When I learned Kahlua is dairy-free, my first reaction was “so what is it then?” followed closely by my shit going missing. Because I lost it. I lost my shit.
So here we go. This is less a recipe, more a “you should drink more White Russians” thing. The chocolate sauce in the mug screams I’M A SOPHISTICATED CHILD and as I’ve said time and time before, I love screaming. Wild for it.
- 2 oz vodka
- 1 oz kahlua
- 4 oz almond milk
- comically large ice
- chocolate sauce (take a look at ingredients to make sure it’s dairy-free. I found Ah!Laska at Whole Foods pretty easily.)
his name is Slav and he’s really into PETA and hugs…
Take your mug or glass or something and toss it in the freezer for 15 minutes or so. Remove from the freezer and drizzle some chocolate inside there in a fancy pants design.
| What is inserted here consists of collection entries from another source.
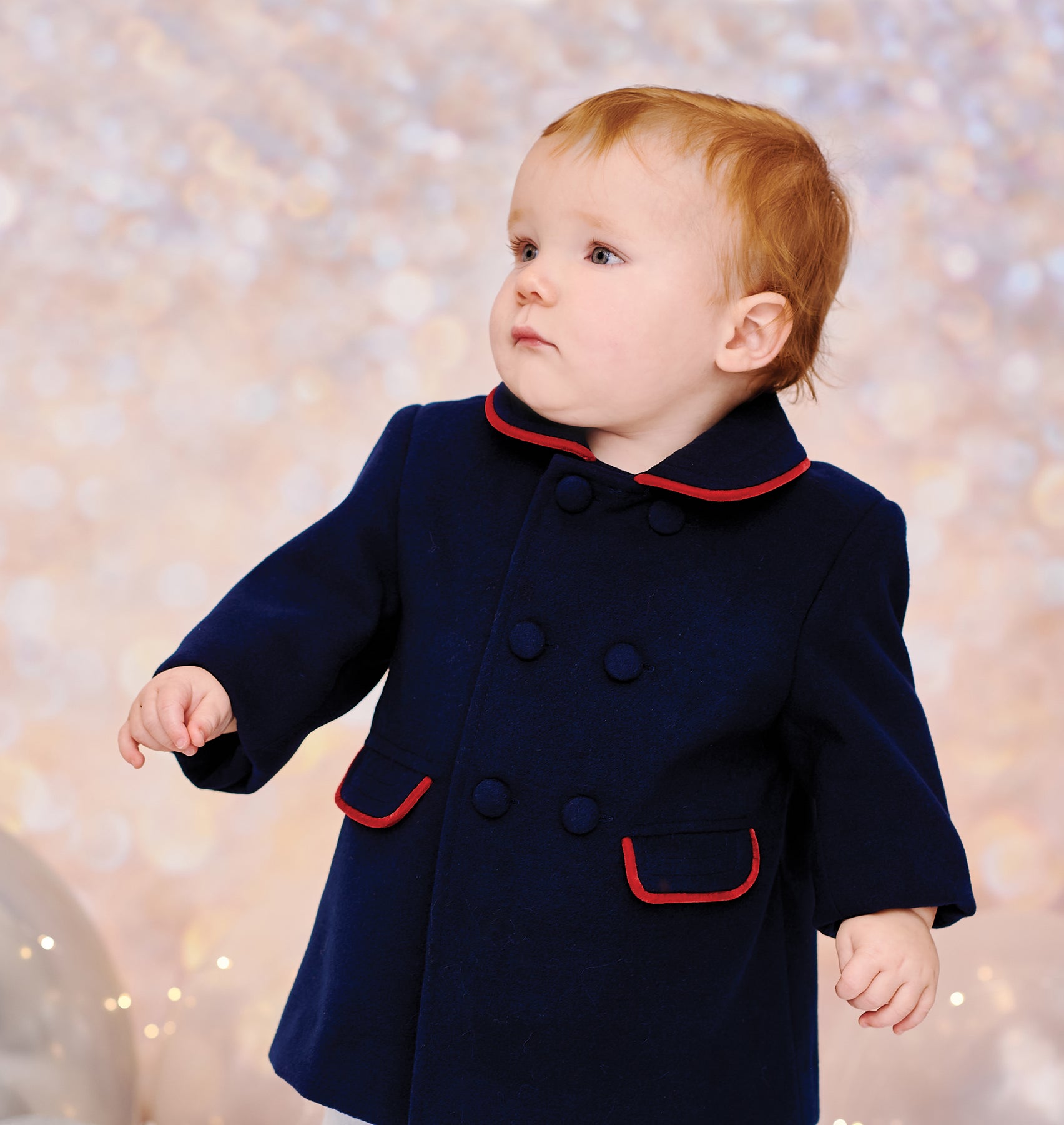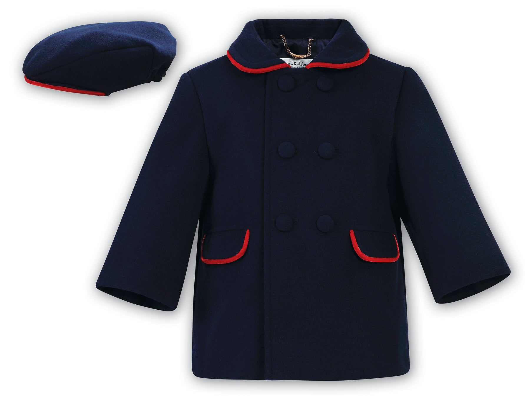 Traditional style coat from British brand Sarah Louise for boys. A double breasted, knee-length coat in a luxurious brushed felt like material with peter pan collar and pockets trimmed in red velvet piping, fully lined in a navy silk like material. Paired with a matching traditional flat cap with elastic for comfort.
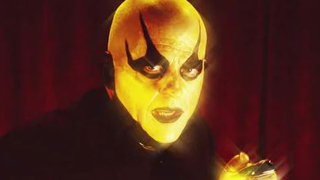 In vollem Pomp, sprich langer Robe, der um seinen Hals liegenden schwarzen Federboa sowie der wallenden Perücke schreitet Goldust zum Ring, während er vom Announcer nun auch offiziell angekündigt wird:
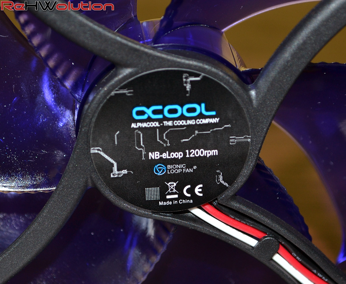 Sono presenti, nel kit, 3 ventole Alphacool sviluppate in collaborazione con NoiseBlocker, noto produttore tedesco di soluzioni di raffreddamento attivo caratterizzate da tantissimi accorgimenti per la massima silenziosità possibile. Con una velocità massima di 1200 RPM (sono disponibili su AquaTuning anche quelle da 2300 RPM), la pressione statica sviluppata è di circa 0.9 mm H2O, mentre la portata è di circa 76 m³/h, equivalenti a circa 45 CFM. Le pale sono in fibra di vetro e presentano una forma aerodinamicamente perfetta, studiata per azzerare le turbolenze e, di conseguenza, abbassare la rumorosità generata.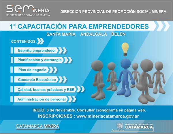 El Estado provincial priorizó esta formación en territorio minero, pero además de proveedores de servicios y productos del sector, también podrán participar aquellos que se interesen en conocer cómo se emprende un negocio o perfeccionarlo.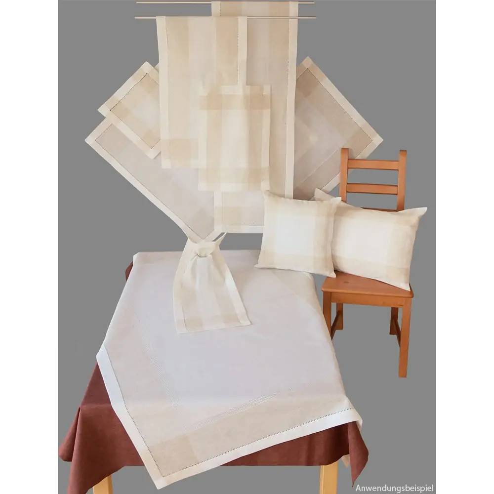 Die elegante Tischdecke ALMA in hochwertiger Leinenoptik bringt zeitlose Schönheit in dein Zuhause. Die dezente Struktur, kombiniert mit einer feinen Durchbruchbordüre, verleiht jedem Tisch eine stilvolle und natürliche Eleganz – perfekt für klassische Wohnräume, den Landhausstil oder moderne Einrichtungskonzepte. Hergestellt aus einer pflegeleichten Mischung aus 80 % Polyester & 20 % Leinen vereint diese Tischdecke die besten Eigenschaften beider Materialien. Sie bietet die natürliche Optik & Haptik von Leinen, ist aber zugleich strapazierfähig, formstabil & leicht zu reinigen. Dadurch bleibt sie auch nach mehreren Wäschen wunderschön und eignet sich ideal für den täglichen Gebrauch oder festliche Anlässe. Mit einer Größe von 110 x 110 cm passt diese Tischdecke perfekt auf kleine bis mittlere Tische oder kann als dekorativer Überwurf für größere Tischdecken genutzt werden. Sie schafft eine warme, einladende Atmosphäre und ist eine stilvolle Ergänzung für jedes Zuhause. Ob für ein festliches Dinner, ein gemütliches Frühstück oder als elegante Tischauflage – diese Tischdecke verleiht jedem Wohnbereich eine gehobene Note und sorgt für eine ansprechende Tischgestaltung.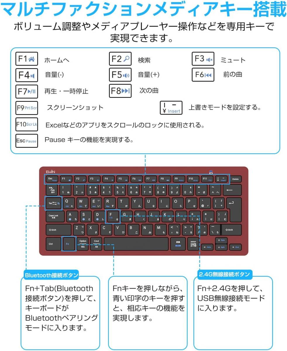 キーボード ワイヤレス bluetoothとusb無線両対応 JIS日本語配列 小型 Windows mac ios android対応 ipad iphone 收藏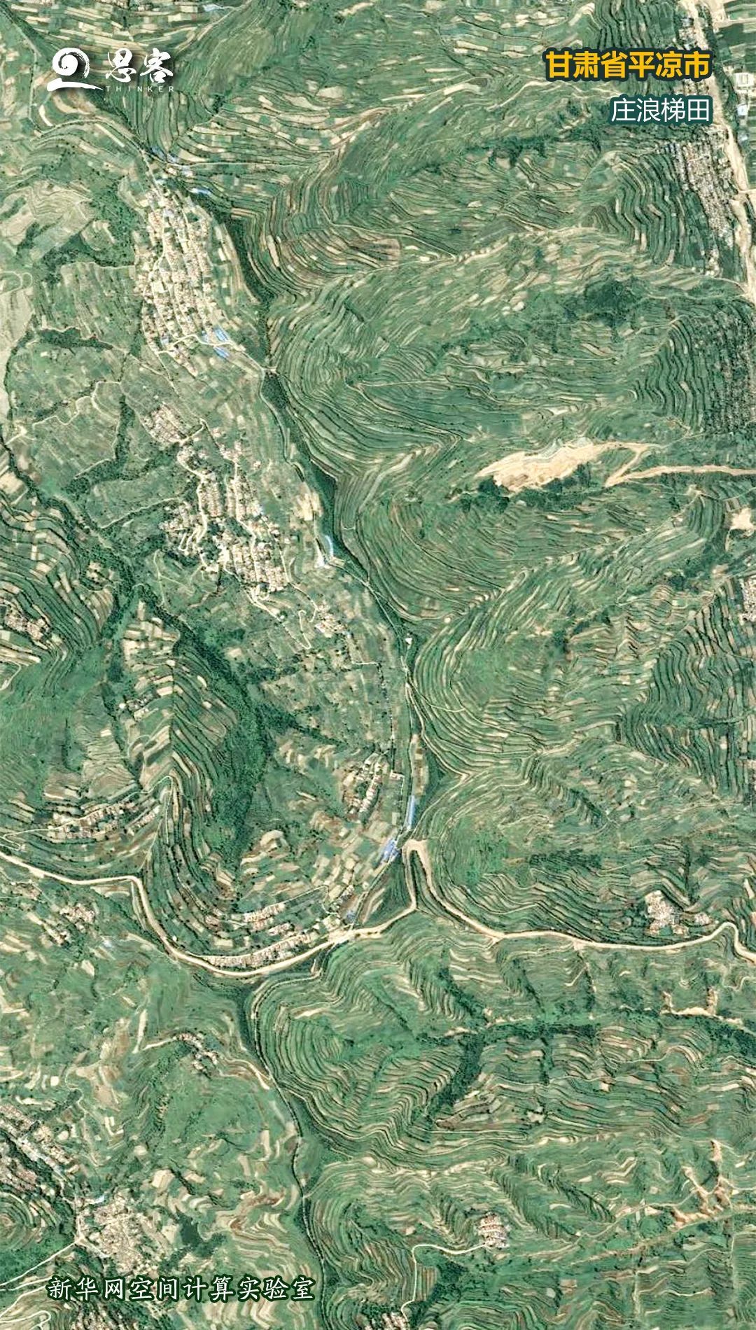 ▲图为卫星拍摄的位于甘肃省平凉市庄浪县的庄浪梯田,庄浪梯田被誉为“梯田王国”。卫星资料来源:天地图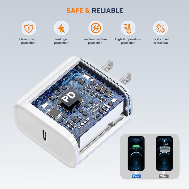 - ⚡ 【iPhone 15 Charger Fast Charging】Equipped with Fast iPhone Charging USB Type C power delivery Woven Charge Cable Cord wall plug, PD 3.0 Quick-Charge USB C port provides Max 20W output power, charge your device up to 3X faster than original 5W charger, charging your iPhone up to 50% in just 35 minutes, saving over 1.5hrs for you. Helps You Work Efficiently.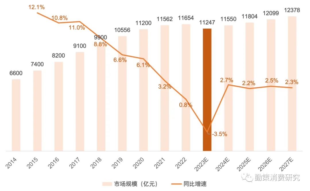 近年来,我国零食行业市场规模增速持续放缓,2023年受整体市场环境影响,零食行业消费复苏未及预期,预计行业规模为11247亿元,同比下滑3.5%。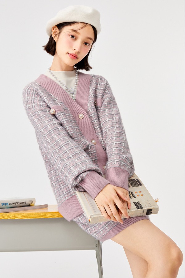 SEM/R森马 小香撞色开衫半裙针织套装 15128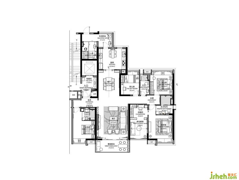 本案將與主臥相聯(lián)的景觀陽臺進行改造,將其打造成休息室兼衣帽間,不僅保證了衣帽間的獨立,也給空間注入生活氣息,屋主能在空間里卸下疲憊,靜享寧和。為了讓輕松的氣氛在家居空間流動,室內設計師充分考慮到屋主的興趣愛好,將工人房改造成棋牌室,引用海派中式風格設計,對原有結構、家具的尺度和藝術、燈光元素進行重組,帶來棋牌室空間的新變化,讓生活與樂趣相融。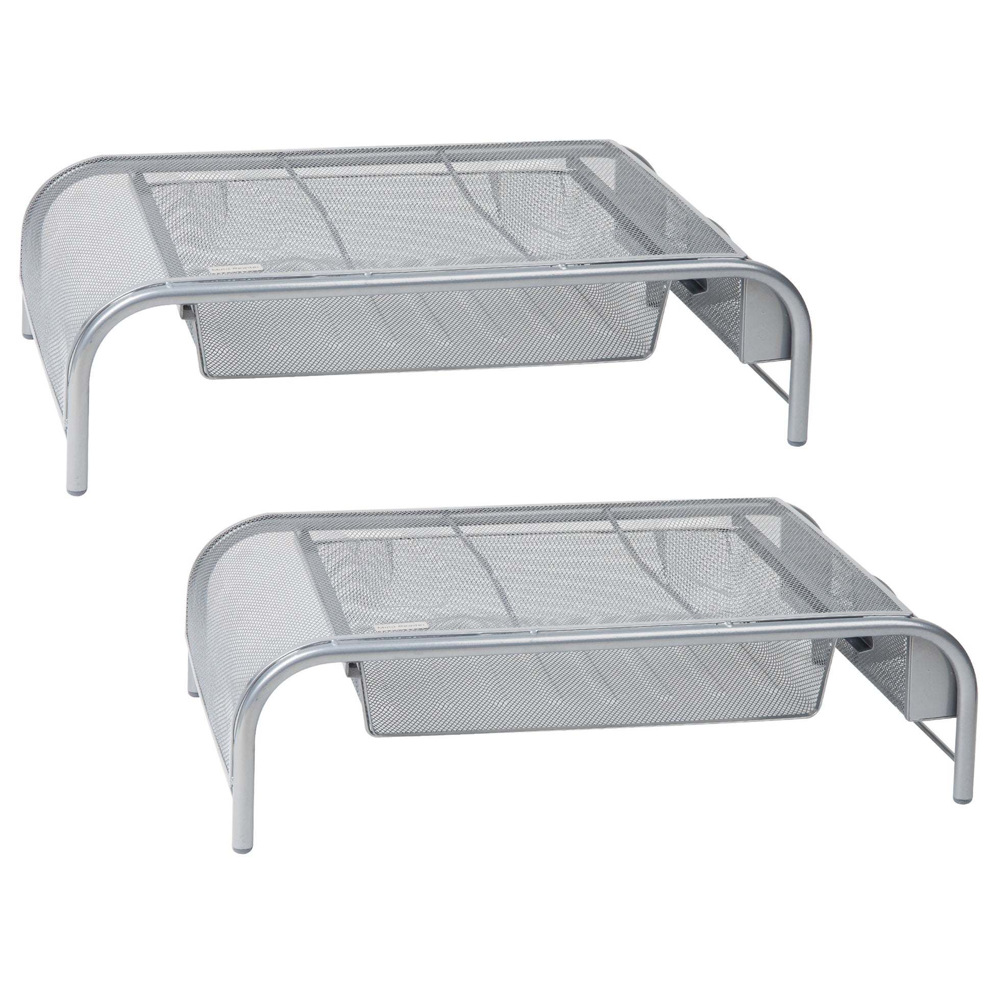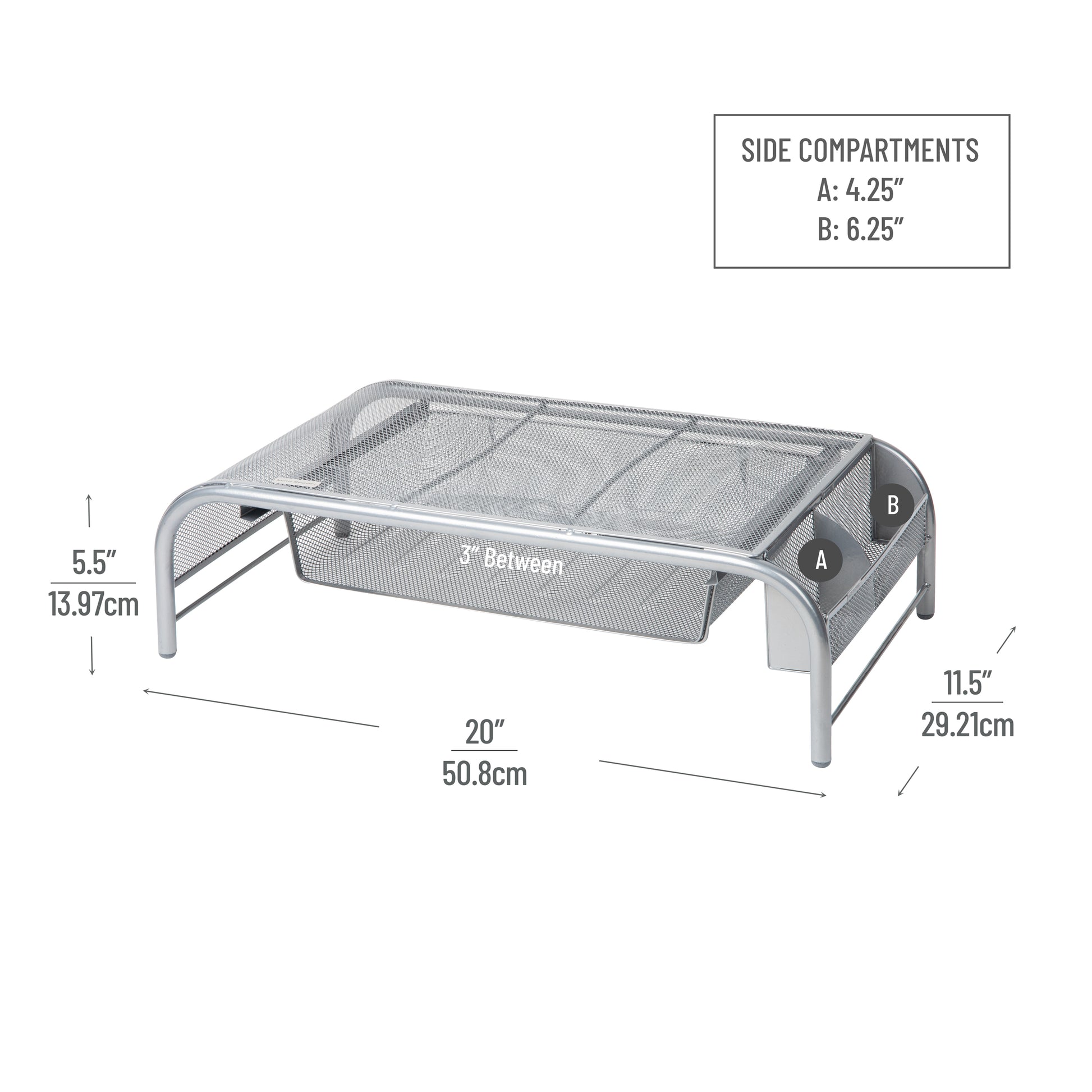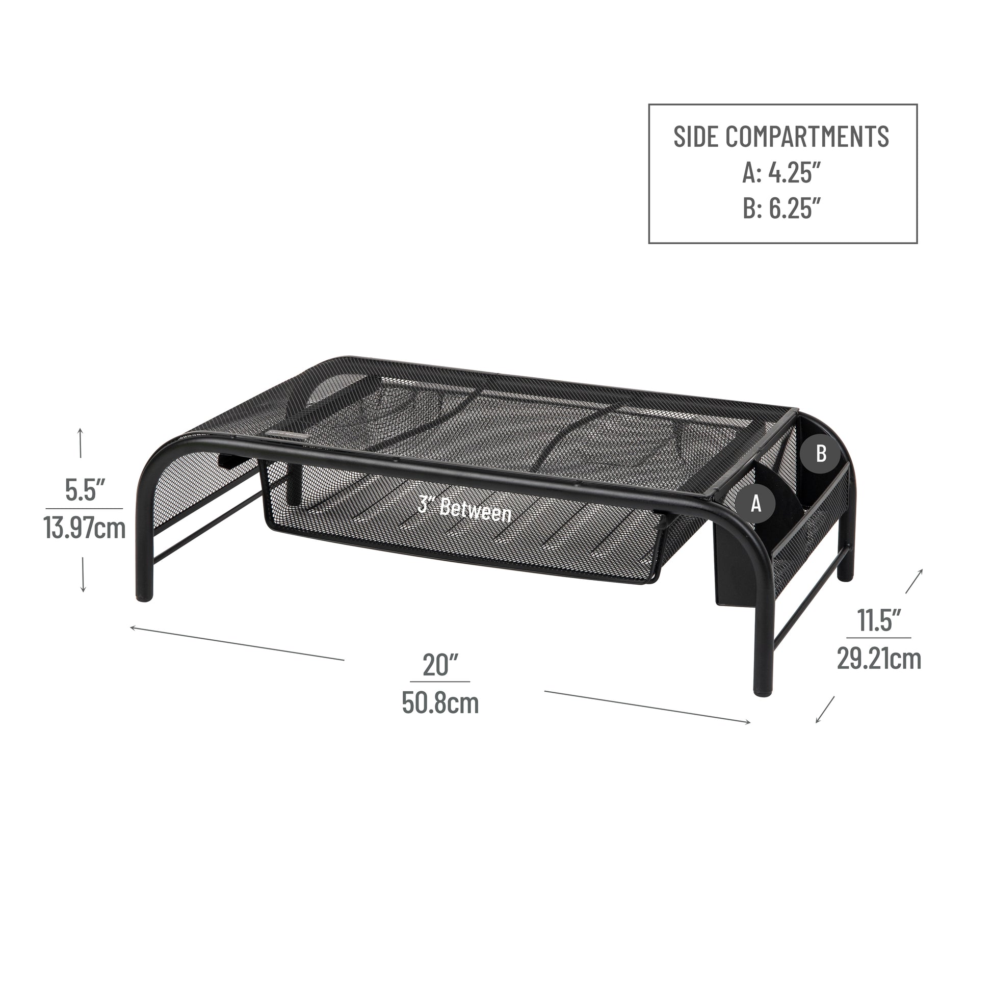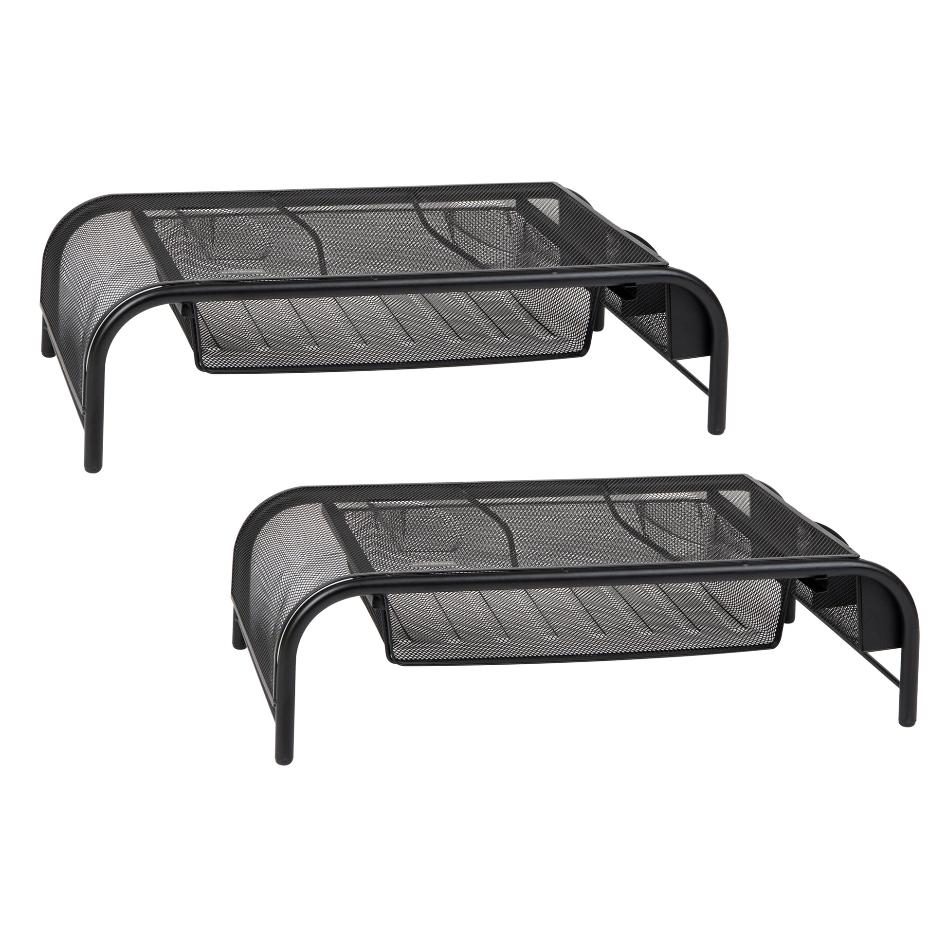 Mind Reader Monitor Stand, Ventilated Laptop Riser, Paper Tray, Office, Metal Mesh, 20"L x 11.5"W x 5.5"H, Set of 2

Put it back in the freezer for another 15 minutes or so.
Remove from the mug from the freezer and toss in your comically large ice cube. (I feel like me telling you to put ice in your drink is almost as patronizing as me saying I’m patronizing you. Almost.) Throw in your vodka, then your Kahlua, and then your milk. Stir gently if you like. I don’t care. It’s your life.
NUTRITION: ok. I learned long ago that counting calories when you’re drinking takes all the fun out of drinking. And if you aren’t drinking for fun, you’re drinking for the wrong reason. So no nutrition facts. Sorry.